I do want to gently remind you that it's not necessarily always a choice between terminating a pregnancy and living with a severely disabled child. There's another situation: Terminating a pregnancy when the child has no chance of living outside the womb. In that case, you're making the choice between the child dying now, dying later in the pregnancy or dying right after birth.
I know this is old.
I'm so happy you are open and honest in this.
It took me a while to get pregnant the third time and we thought there was secondary infertility problems.. It was scary, because I am young and so is my husband. Meanwhile, my sister who is a meth user and has had 2 kids taken away and an abortion goes and gets knocked up again just 3 months after her youngest was born! Made me so mad...

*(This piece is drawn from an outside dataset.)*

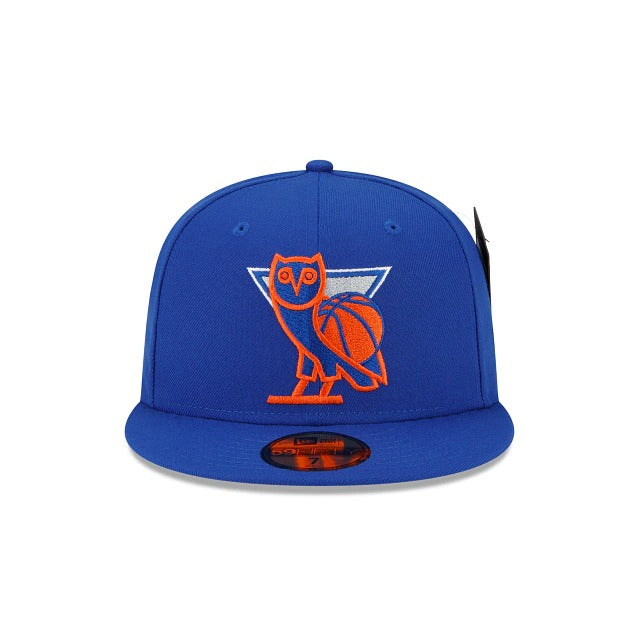 October's Very Own. The OVO x New York Knicks 59FIFTY Fitted Cap features a team color OVO graphic embroidered at the front panels with a Knicks logo at the rear and a gray undervisor.
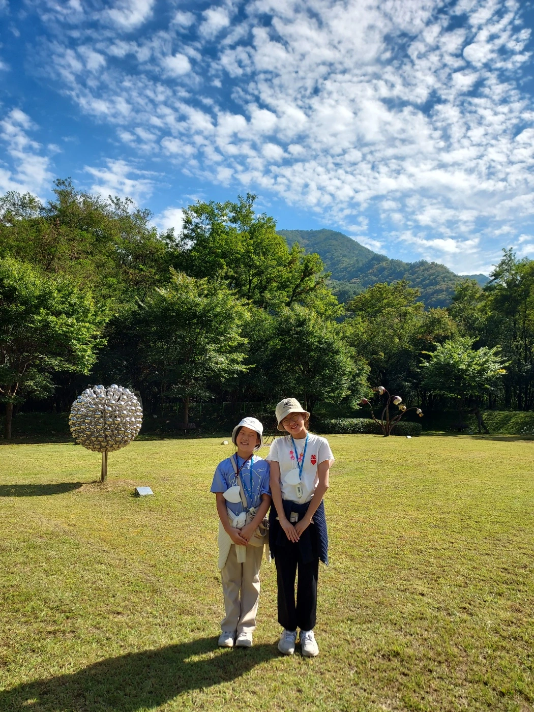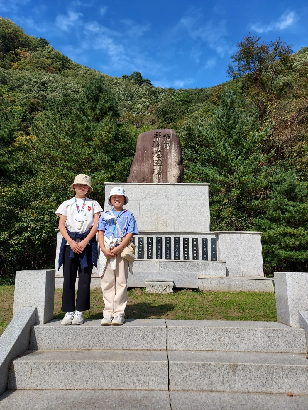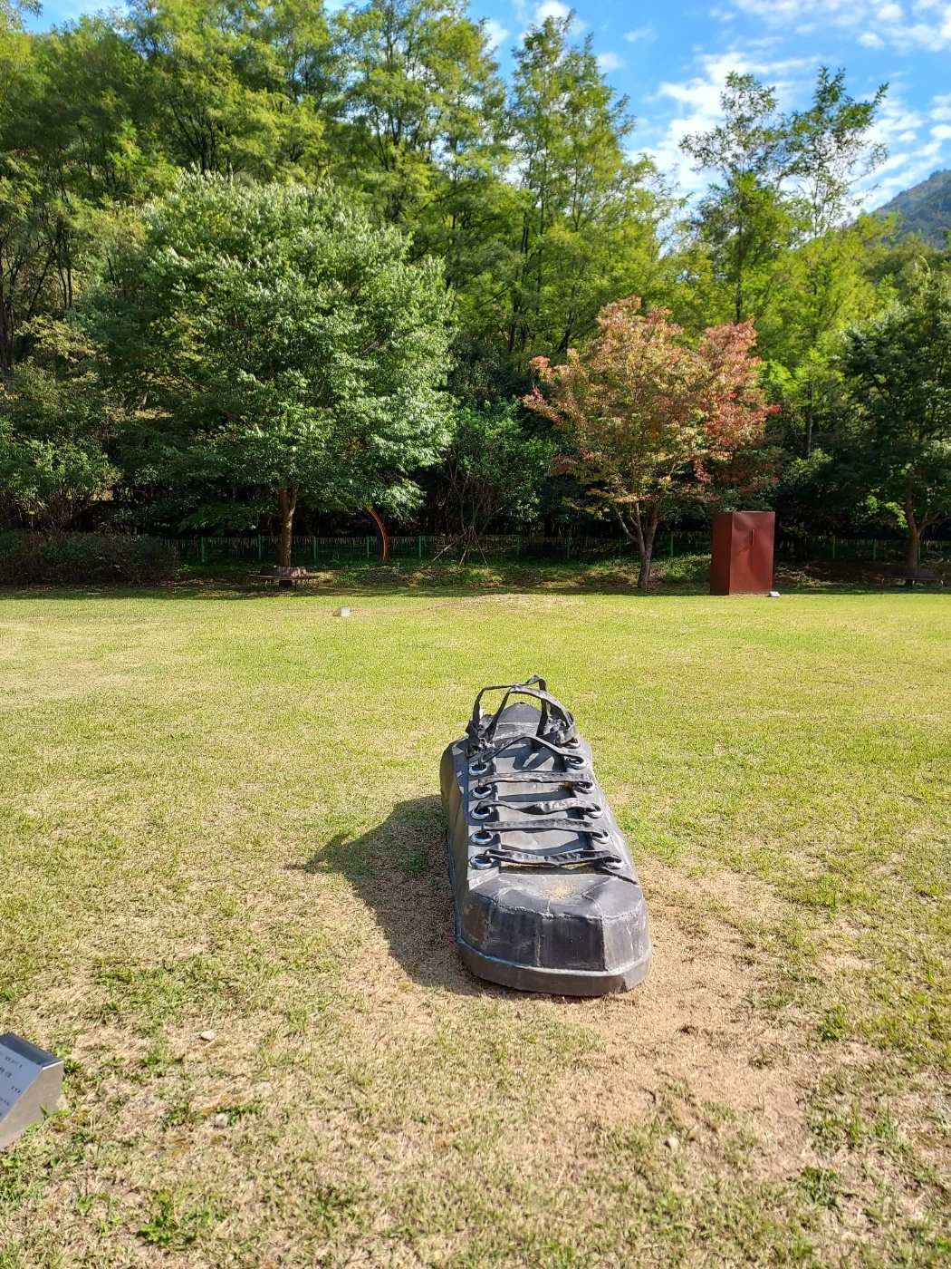 나는 아이들과 그분들의 고통과 희생 덕분에 우리가 현재를 잘 살아가고 있듯, 그분들이 겪은 세상의 고난과 아픔을 잊어서는 안 된다는 얘기들을 많이 나눈 것 같다. 조금은 무겁게 가라앉았던 우리들의 마음을 조금은 가볍게 해 주려는 걸까? 위령전투비 옆 조각공원의 풍경은 투명 그 자체였다. 맑은 날씨 때문인지 사물 하나하나의 빛깔이 선명하게 보였다.

Anyway, I must tell you though that while you shoot daggers with your eyes at the 'easily knocked up' women, did you ever stop to think that maybe they had their own long and painful journey? Or, are you possibly the only one in a room of women who had problems getting pregnant? I hope you and other women who become pregnant in the future realize that you can't look at someone and see a pregnant bump and immediately assume their journey was quick and painless... and you may actually have more in common than you think..Please try to not be so bitter :/
I definitely agree with Anonymous August 2010....How can you actually look at someone and have the audacity to assume that their journey was an easy one? You can not be that conceded and naive to think that you are the only one who has had a difficult journey. Your complete disregard for others extremely offends me as I'm sure does those "easily knocked up" women that you refer to in your statement. Perhaps you should realize that other people in this world....and probably that waiting room...have gone through just as much struggle as you before you go posting rude and ignorant statements.
Well, I can honestly say I am not as bitter and angry as I was when I wrote this post almost 3 years ago. Time is healing those infertility wounds.
I think my fellow infertiles understand what I was saying - that it doesn't matter what those other women had gone though and it is my perception of what they have gone though (likely very little trauma) that caused and sometimes still causes the pain. The anger and hate is a way to protect my wounded heart from feeling sadness at the losses.
I do not apologize for my feelings. Yes, some of those people may have struggled to get or keep a pregnancy. Odds are they didn't, but it is possible. Again, what mattered is my perception and my feelings of jealously and inadequacy that were brought up.
It is also not lost on me that other infertiles look at me and may be envious of how easily I got pregnant - which is not true, of course.
In the end, I was always polite to these other women and I am quite sure they had no idea what I was thinking. No harm done and it helped me survive those moments.